Only the lines below from the one with "NestFix Maintenance Corp." through the one with "Μπαταρία κουζίνας με" are to be written out, exactly and without any images.

- Material provided
===

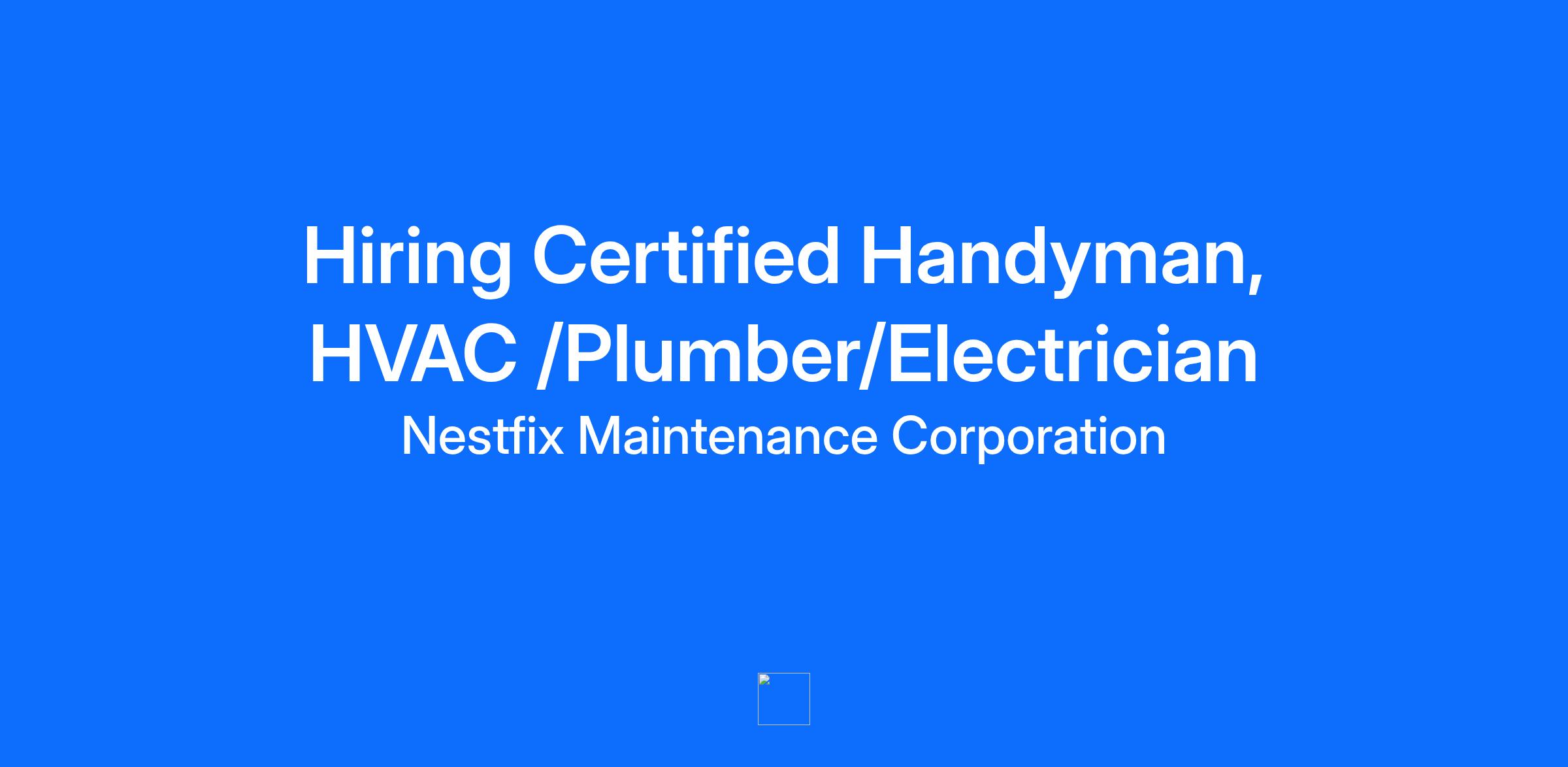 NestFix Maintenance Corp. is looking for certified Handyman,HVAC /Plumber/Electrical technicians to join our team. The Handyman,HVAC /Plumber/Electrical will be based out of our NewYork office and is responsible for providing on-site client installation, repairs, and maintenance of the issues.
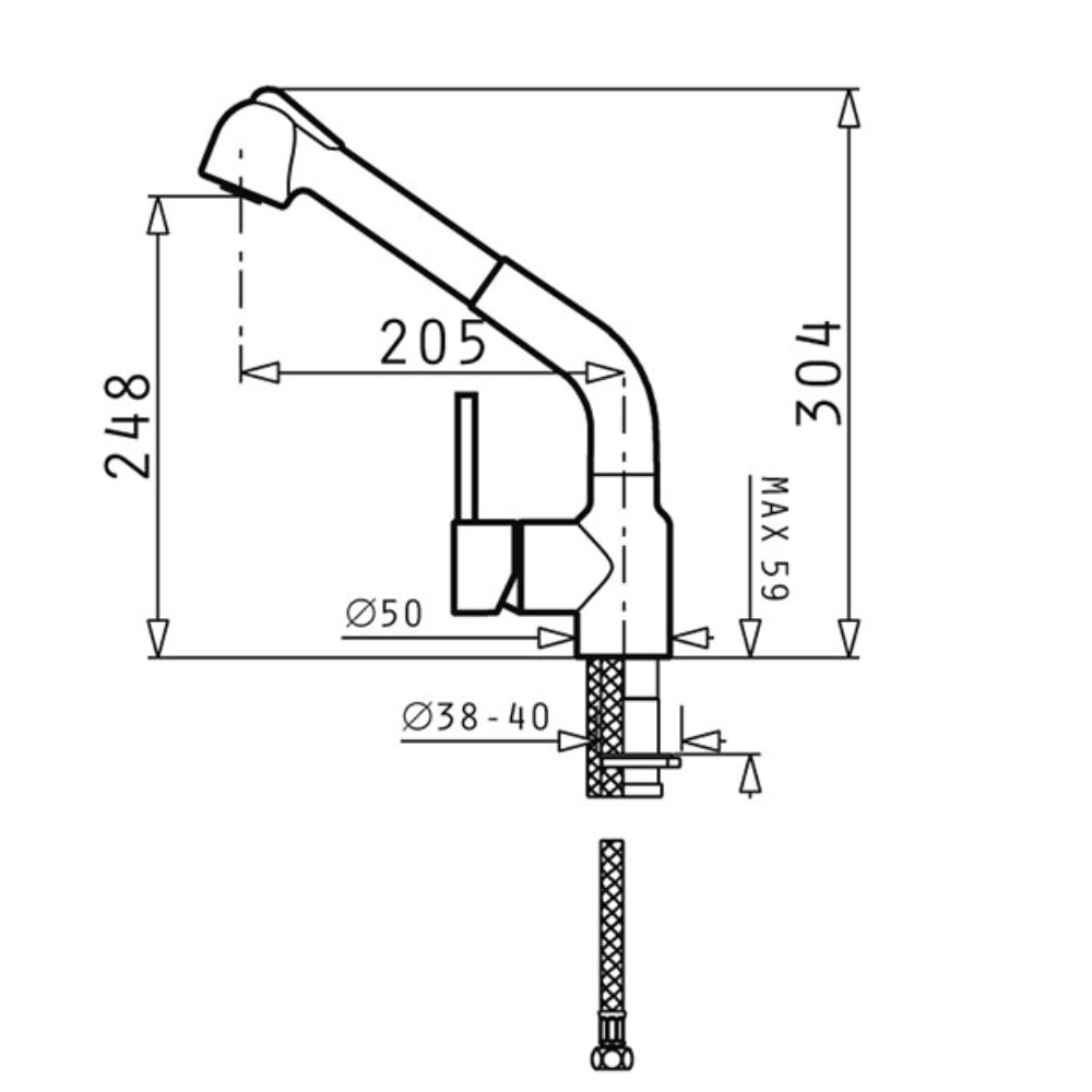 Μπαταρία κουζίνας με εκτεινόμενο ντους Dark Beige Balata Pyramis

===

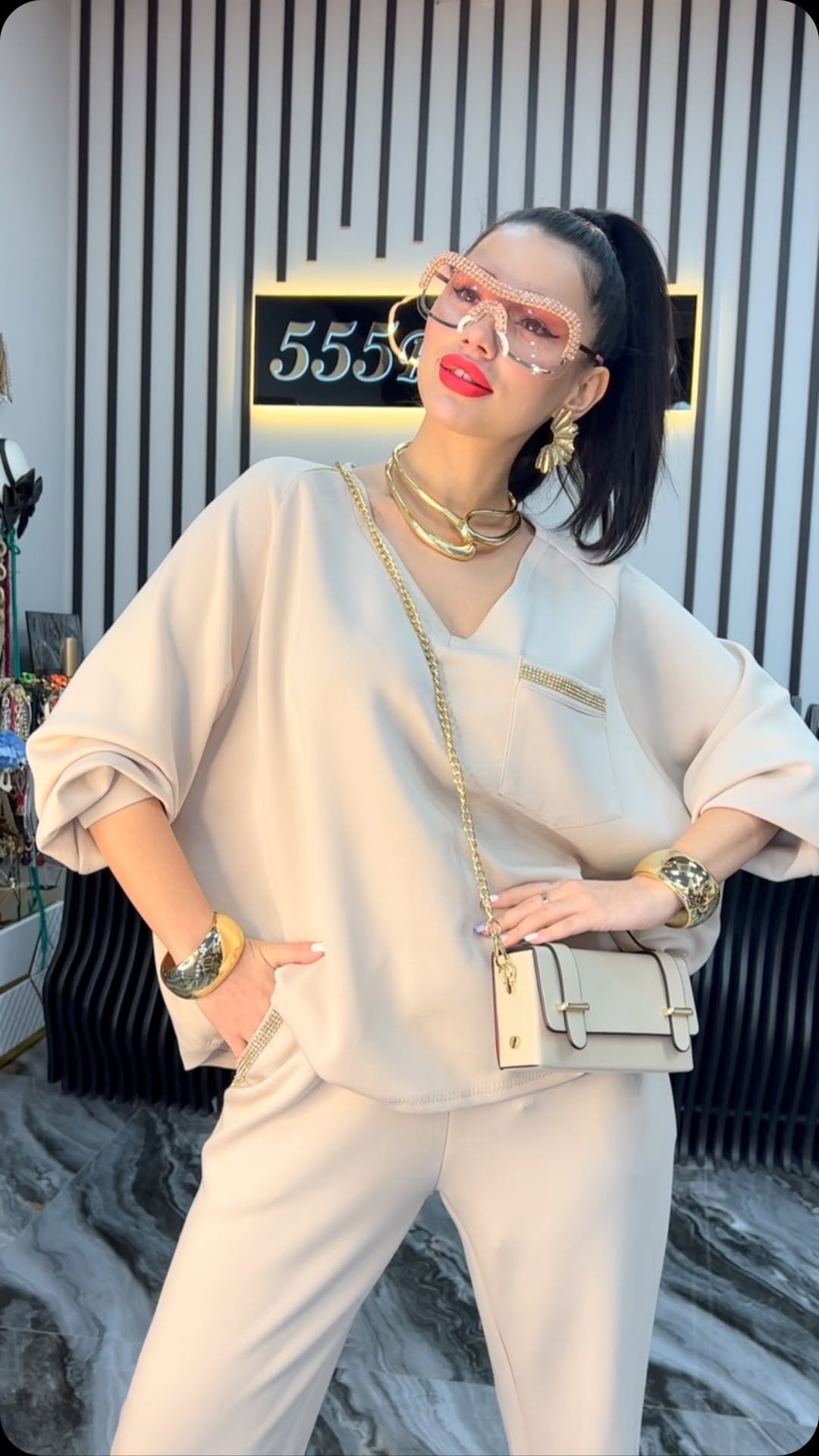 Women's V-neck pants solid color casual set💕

===

- Task answer
 NestFix Maintenance Corp. is looking for certified Handyman,HVAC /Plumber/Electrical technicians to join our team. The Handyman,HVAC /Plumber/Electrical will be based out of our NewYork office and is responsible for providing on-site client installation, repairs, and maintenance of the issues.
 Μπαταρία κουζίνας με εκτεινόμενο ντους Dark Beige Balata Pyramis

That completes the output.